An accurate estimation of the spiking activity of neural populations from non-invasive scalp-based measurements of the electric activity of the brain (EEG) might substantially reduce the use of neural implants and the dangers that are associated with brain surgery in animals and more particularly in primates. Further developments in non-invasive approaches are expected in the long-term to replace invasive chronic LFP-recordings in animals which is in line with 3R-philosophy.

PDF version of this Bulletin No. 56

References:

  1. Grave de Peralta Menendez, R., et al., Imaging the electrical activity of the brain: ELECTRA. Hum Brain Mapp, 2000. 9(1): p. 1-12.
  2. Grave de Peralta Menendez, R., et al., Electrical neuroimaging based on biophysical constraints.

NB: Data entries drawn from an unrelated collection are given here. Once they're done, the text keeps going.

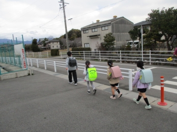 朝の集団登校の様子です。高学年の班長・副班長のもと、1列に並んで歩いていました。「おほようございます」と、あいさつも大きな声でできていました。今日は地域の方も登校指導に来ていただいていました。いつもありがとうございます。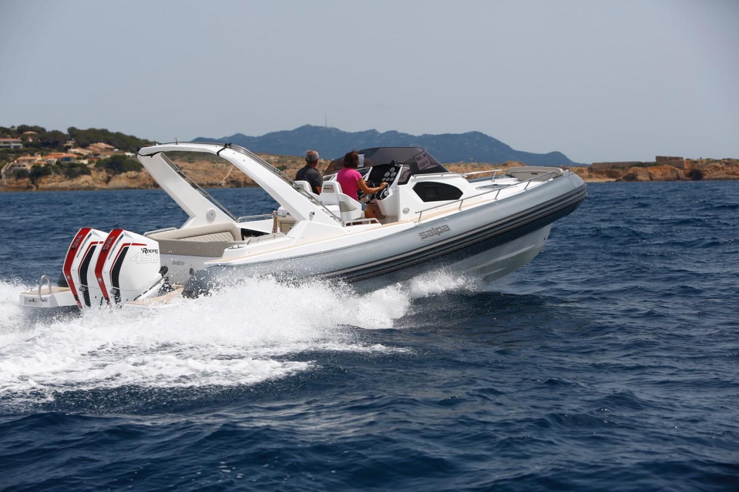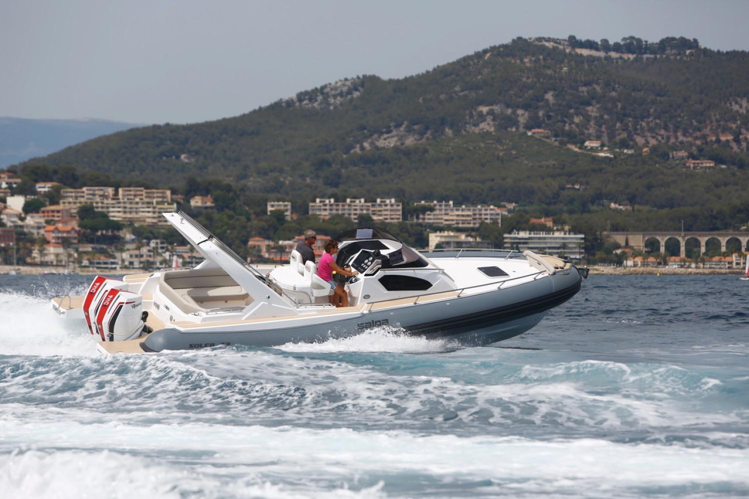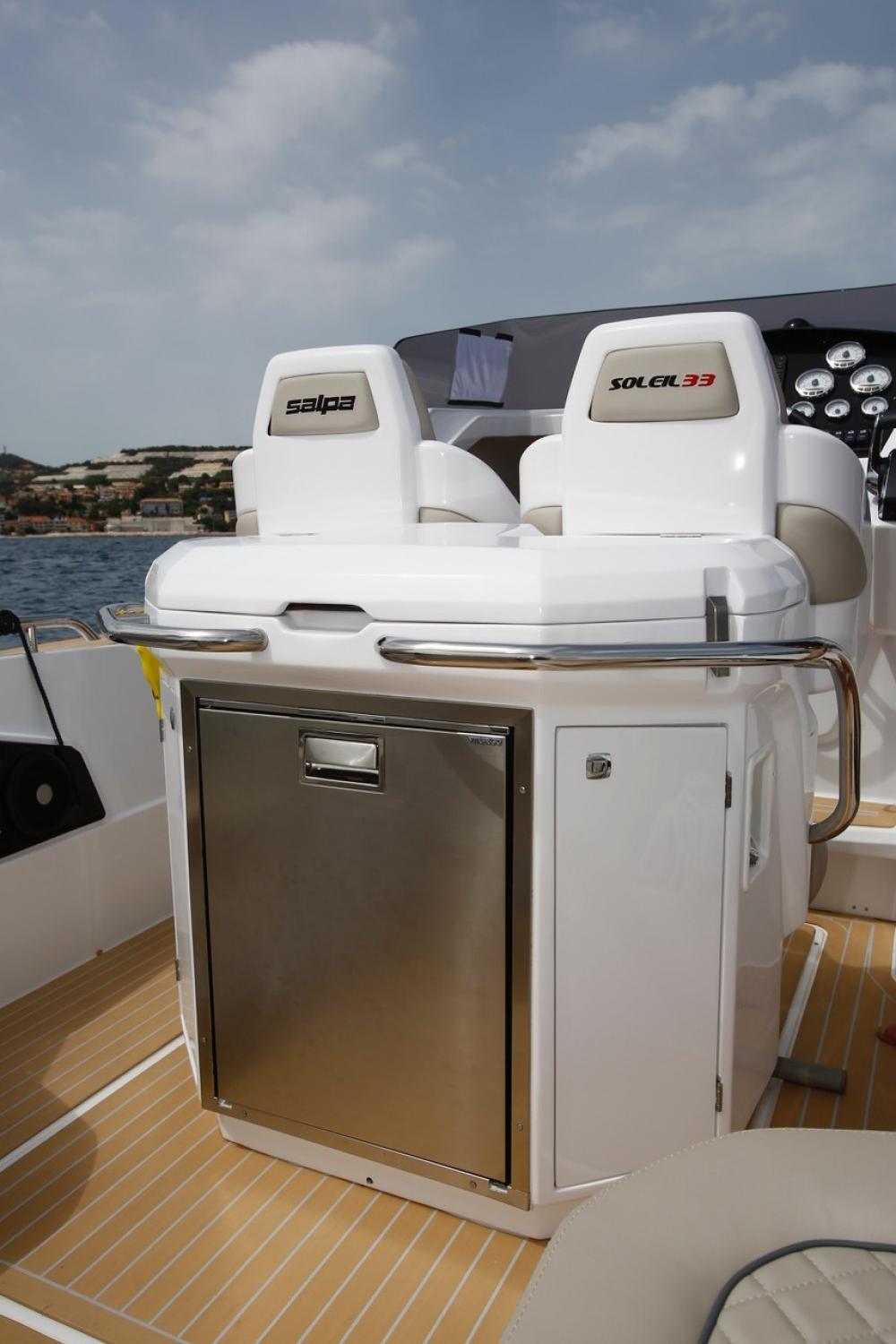 EuroNautic NOUVEAU CONCESSIONNAIRE de la très réputé marque de semi-rigide Italien SALPA, vous propose à la vente ce sublime SOLEIL 33 habitable.Au standard:Gelcoat carène et pont, blanc · Guindeau électrique avec davier basculant Inox sur étrave rigide · Mouillage 40m, jonction et ancre inox, double commande au TDB et sur la proue · Installation 230 Volt avec chargeur et câble de quai · Cabine équipée 2 couchages · Salle de bain complète avec lavabo, douche, WC électriques et cuve à eaux noires · Plages arrières rallongées avec revêtement teck synthétique et échelle de bain télescopique avec main courante inox · Extension bain de soleil avant · Douchette sur plage de bain · Installation Boiler (eau chaude 220 Volt) · 3 Pompes de cale automatiques · Meuble de cuisine avec évier · Réservoir à carburant 500 litres inox et réservoir d’eau 120 litres · Console de pilotage avec rangement · Pare-brise · Mains courantes inox · Coupe batterie · Feux de navigation · Tableau de bord · Corne de brume · 4 taquets d’amarrage Inox · Installation électrique à disjoncteurs magnétothermiques · Implantation triple batterie · Sellerie complète cockpit et bain de soleil avant · Direction hydraulique et volant de direction · Revêtement teck synthétique sur la proue .Fiche produitPrésentation VIDEOFinancement LOA sur étude.N'hésitez pas à nous contacter pour plus de renseignement.Bateau semi-rigide similaire à: Sacs, Lomac, Zodiac, Bombard, Zar, Capelli Tempest, BRIG, Tarpon, BWA, Sillinger, Valiant, BSC, 3D Tender, Ranieri, Master, Sea hawkNos secteurs: Port Camargue, Grau du Roi, Grande Motte, Carnon, Palavas, CAP d’Agde, Nîmes, Montpellier, Arle, Ales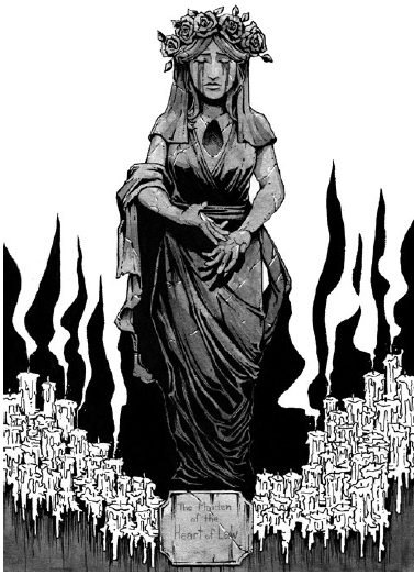 The area Beneath the Cairn is a very brief one that mostly serves as a the place where different paths meet. The PCs can journey to Gabbro's cave, the Inn, the Shrine of Set, and the Shrine of Mitra. The Shrine of Mitra is hazardous to any chaotically aligned PCs. They take 1d5 damage upon entering and 1 damage every 10 minutes thereafter. I'll note that this was much more lethal in playtests! And there’s still other hazards that would keep the agents of Set from sticking around. Fortunately for one of my players, I rolled low on my 1d20 damage and they survived long enough to get out. Mitra's Shrine has a couple potential combats, but clever PCs can get through without any fighting. Either way, the PCs are going to enjoy this place. There's the chance for one of them to have their teeth magically replaced with Mitra's Jaws of Law, which is a very powerful magic item. They can also ask the actual statue of the Weeping Maiden for a bless form Mitra. But with each blessing (received on a 1d5 table) comes a quest (a 1d3 table)!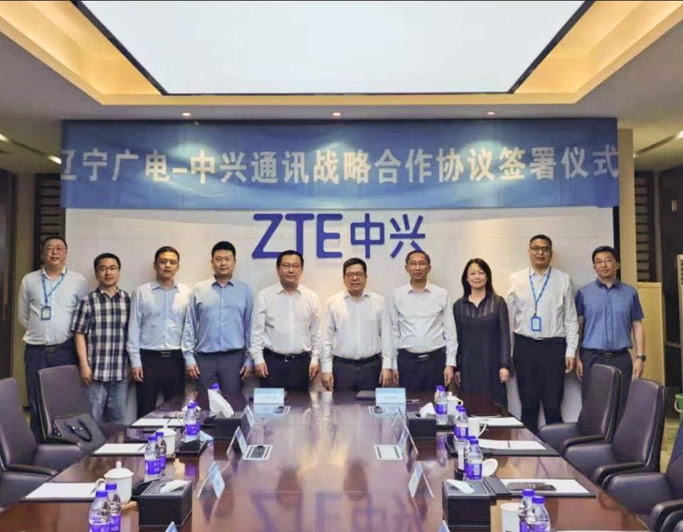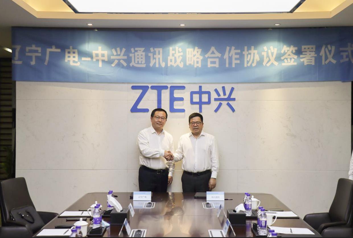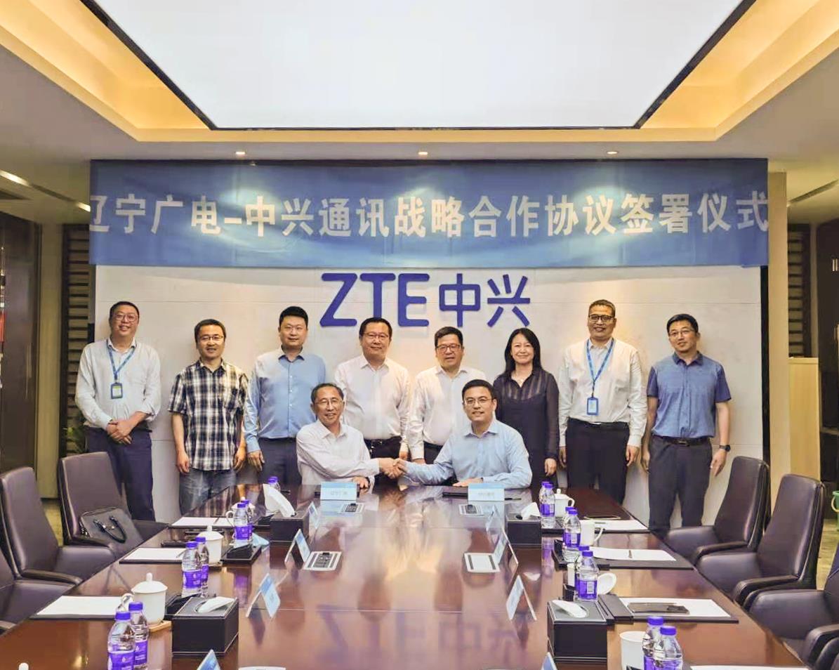 2021年6月5日,太阳成集团tyc(简称辽宁广电)与中兴通讯股份有限公司(简称中兴通讯)战略合作协议签约仪式在中兴通讯南京研发中心举行。辽宁广电党委书记、董事长、总经理曾绍武,总工程师王兆恒,总经理助理王婷与中兴通讯董事长、执行董事李自学,副总裁张亮出席仪式,共同见证签约。

NeuroImage, 2004. 21(2): p. 527-539.
  3. Whittingstall, K. and N.K. Logothetis, Frequency-Band Coupling in Surface EEG Reflects Spiking Activity in Monkey Visual Cortex. Neuron, 2009. 64(2): p. 281-289.
  4. Skaggs, W.E., et al., Theta phase precession in hippocampal neuronal populations and the compression of temporal sequences. Hippocampus, 1996. 6(2): p. 149-172.
  5. Jacobs, J., et al., Brain Oscillations Control Timing of Single-Neuron Activity in Humans. J. Neurosci., 2007. 27(14): p. 3839-3844.
  6. Sanchez-Vives, M.V., Spontaneous rhythmic activity in the adult cerebral cortex in vitro, in Isolated Central Nervous System Circuits, H. Press, Editor. 2012. p. 263-284.
  7. Zhang, M., et al., Propagation of Epileptiform Activity Can Be Independent of Synaptic Transmission, Gap Junctions, or Diffusion and Is Consistent with Electrical Field Transmission. The Journal of Neuroscience, 2014. 34(4): p. 1409-1419.
  8. Grave de Peralta Menendez, R. and S. Gonzalez Andino, Electrical Neuroimaging with Irrotational Sources. Computational and Mathematical Methods in Medicine, 2015. 2015: p. 8.